Re: RFC: THE OFFLINE SCHEDULER
From: Thomas Gleixner
Date: Thu Aug 27 2009 - 18:08:04 EST
On Fri, 28 Aug 2009, raz ben yehuda wrote:
> On Thu, 2009-08-27 at 10:51 -0600, Chris Friesen wrote:
> > On 08/26/2009 03:37 PM, raz ben yehuda wrote:
> > >
> > > On Wed, 2009-08-26 at 15:15 -0600, Chris Friesen wrote:
> >
> > >> We gave it as close to a whole cpu as we could using cpu and irq
> > >> affinity and we used message queues in shared memory to allow another
> > >> cpu to handle I/O. In our case we still had kernel threads running on
> > >> the app cpu, but if we'd had a straightforward way to avoid them we
> > >> would have used it.
> >
> > > Chris. I offer myself to help anyone wishes to apply OFFSCHED.
> >
> > I just went and read the docs. One of the things I noticed is that it
> > says that the offlined cpu cannot run userspace tasks. For our
> > situation that's a showstopper, unfortunately.
>
> Given that your entire software is T size , and T' is the amount of real
> time size, what is the relation T'/T ?
> If T'/T << 1 then dissect it, and put the T' in OFFSCHED.

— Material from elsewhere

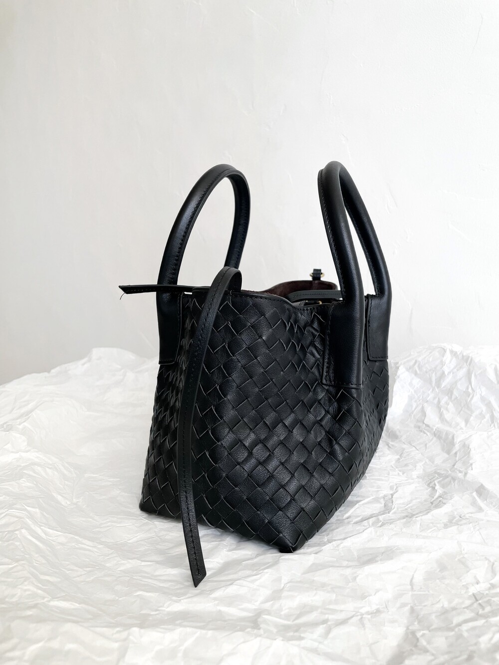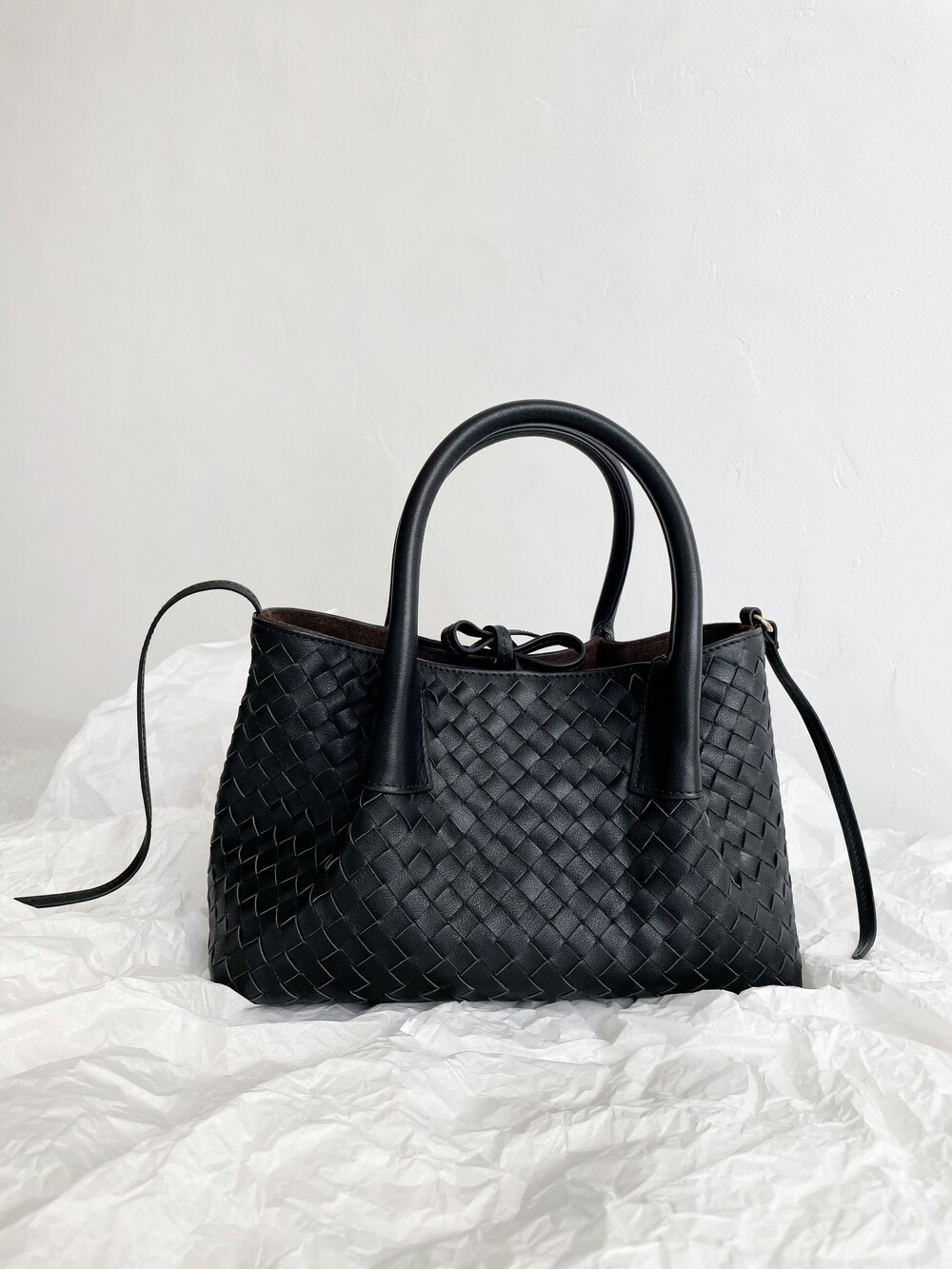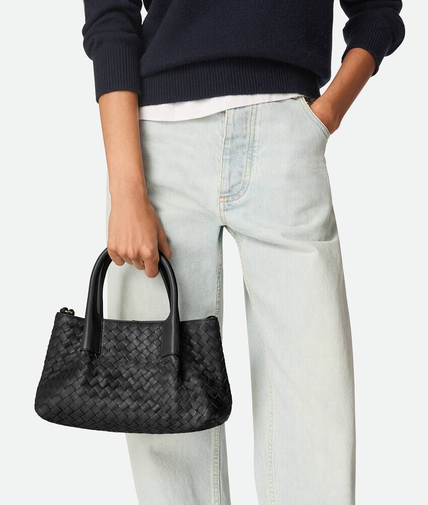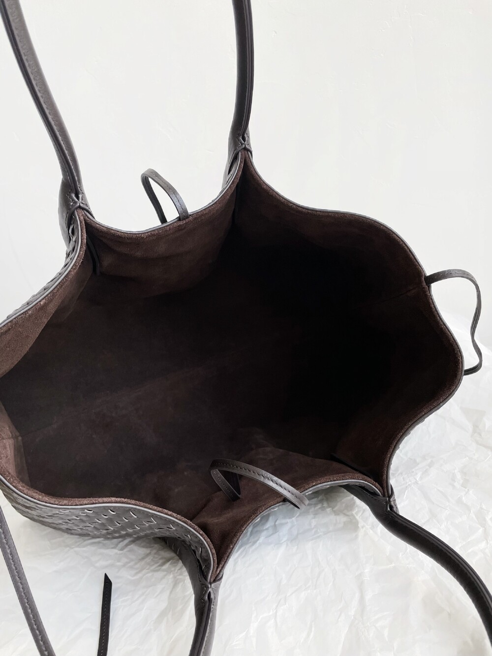 길이 조절 및 탈착 가능한 스트랩을 갖춘 실키한 인트레치아토 송아지가죽 소재의 토트 백.

> My software T's is about 100MB while the real time section is about 60K.
Chris was stating that your offlined cpu cannot run userspace
tasks. How is your answer connected to Chris' statement ? Please stop
useless marketing. LKML is about technical problems not advertisement.
> They communicate through a simple ioctls.
This is totally irrelevant and we all know how communication channels
between Linux and whatever hackery (RT-Linux, RTAI, ... OFFLINE)
works.
> CPU isolation example: a transmission engine.
>
> In the image bellow, I am presenting 4 streaming engines, over 4 Intels
> 82598EB 10Gbps. A streaming engine is actually a Xeon E5420 2.5GHz.
> Each engine has ***full control*** over its own interface. So you can:
>
> 1. fully control the processor's usage.
By disabling the OS control over the CPU resource. How innovative.
> 2. know **exactly*** how much each single packet transmission costs. for
> example, in this case in processor 3 a single packet average
> transmission is 1974tscs, which is ~700ns.
>
> 3. know how many packets fails to transmit right **on time** ( the Lates
> counter) . and on time in this case means within the 122us jitter.
Are those statistics a crucial property of your OFFLINE thing ?
> 4. There are 8 cores in this machine. The rest 4 OS cores are ~95% idle.
> The only resource these cores share is the bus.
That does not change the problem that you cannot run ordinary user
space tasks on your offlined CPUs and you are simply hacking round the
real problem which I outlined in my previous mail.